Market forces and professional development
While recent media attention has been focussed on Toby Young, perhaps people have overlooked the real nature of the new ‘Office For Students’? This organisation has been set up to regulate higher education as ‘a market’. The office sees students as consumers, as does the House of Commons Education Committee that recently sent me a questionnaire wanting to know if I thought that Universities offered value for money. They assumed that I was an undergraduate. I’m pleased I’m not! In this blog, I argue that in England, we are destined for yet more of the private abuse of a public good. New private providers are now more likely to be validated and competition is one of the organisation’s watchwords.

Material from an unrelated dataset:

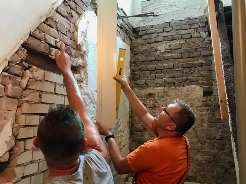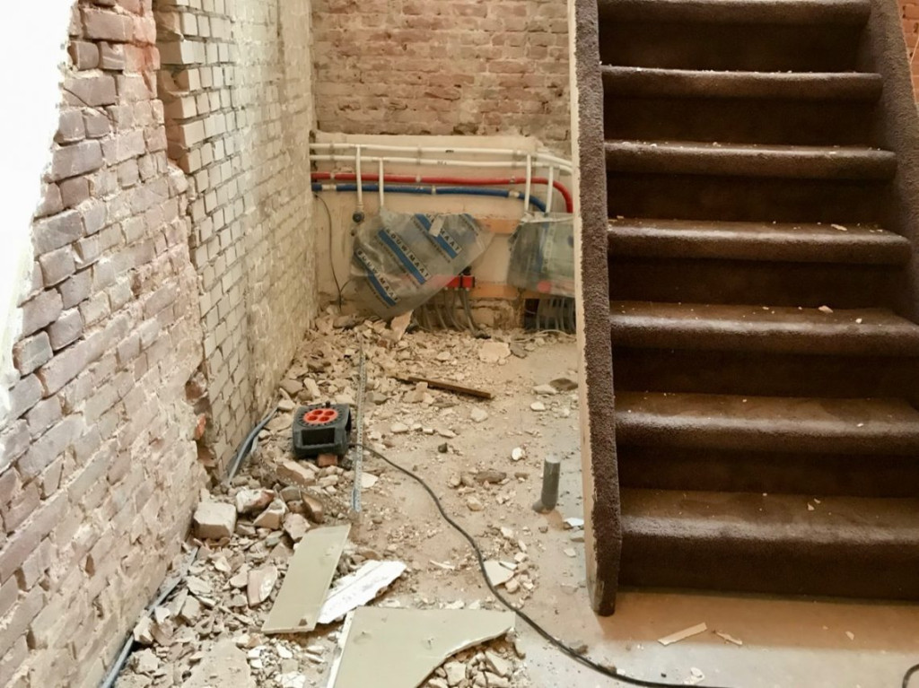 Er moest nog flink veel voorbereid worden voordat ze konden beginnen. Het oude stucwerk moest er helemaal af, er staken hier en daar nog ongebruikte waterleidingen uit de muur en er zaten overal gaten die dichtgemetseld moesten worden. Dat waren nou typisch wel klusjes voor mij.

Education is now perceived to be a commodity that ought to be traded in the market place. The Office demands that data, data and yet more data is provided in order to determine league table positions. Quality is demonstrated by rank order and when your rationale is based on this, you only need to provide some simple yardsticks. The trick is to out-manoeuvre your competitors.
The consequences are that measurement and inspection become ever more important and yet, if there is one thing we have learned about inspectors, it is that they do not like complexity or uncertainty and that they have very little time to form a judgement. When they come to visit, you need to make sure that you are seen to be hitting that target, whatever it is, given the rapidly changing government policies. Or else, you will suffer the consequences! The ‘Office For Students’ is presented as a market regulator. It is actually intended to be a market enabler that will complete the transformation of education from a socially fulfilling and purposeful activity into a form of possessive individualism. There are other examples of ‘simple assumptions’ about education in England. The division between ‘grammar schools’ for approximately 20% of eleven year olds and ‘secondary moderns’ for the other 80% is based upon an assumption that only a few are worthy of promotion and fulfilment.
As opposed to focusing on the social consequences of these decisions that have been taken, I want to reinforce the argument of the Scottish philosopher Robin Downie. In the work of Downie and Randall (1999), the argument is developed that the power of the medical profession has dominated understandings of education. Interest in ‘Asclepius’, the Greek god of healing has diminished and there is instead, an obsession with ‘Hippocrates’, the famous physician. Hippocrates is associated with the mantra that “treatment ‘A’ can cure illness ‘B”. In contrast, Asclepius is associated with more complex processes of healing that are similar to what Schwandt (2005, cited in Urban 2009) refers to as ‘the messiness of human life’. This paradigm view, of ‘solving problems’ is central to the nature of organisations like ‘The Office For Students’. An emphasis is placed on data and measurement to the detriment of the real human factors that influence educational processes. This sounds similar to what can happen with professional development. As Kennedy (2005) argues, not all forms of professional development appear to be ‘transformative’. If measurement and market forces are dominating in Hippocratic ways, it is less likely that there will be an emphasis placed upon reflection, as this cannot be measured. Asclepius is associated with the gleaming eyes of serpents. There was a belief that the healing process was based on looking beyond yourself and into the eyes of what is external to the self. This belief is not based on numbers and market forces. The philosophy is mysterious and vague as it cannot be quantified. The recent Channel 4 programme ‘Educating Greater Manchester’ revealed the complexity of education and professional development. The educational experiences in this television programme could not be captured through numbers. The teachers appeared to be there for their students and for each other. Like Asclepius, healing occurred through looking into the eyes of others and making a connection. There was no television evidence that ‘treatment A’ was ‘curing condition B’ in this educational context.
Downie, R., and F. Randall. 1999. Palliative care ethics: a companion for all specialities. Oxford: Oxford University Press.
Kennedy, A., 2005. Models of cpd: a framework for analysis. Journal of In-Service Education, 31 (2), 235-250.
Urban, M., 2009. Strategies for change: rethinking professional development to meet the challenges of diversity in the early years profession. Paper presented at the IPDA conference, 27-28 November, Birmingham, UK.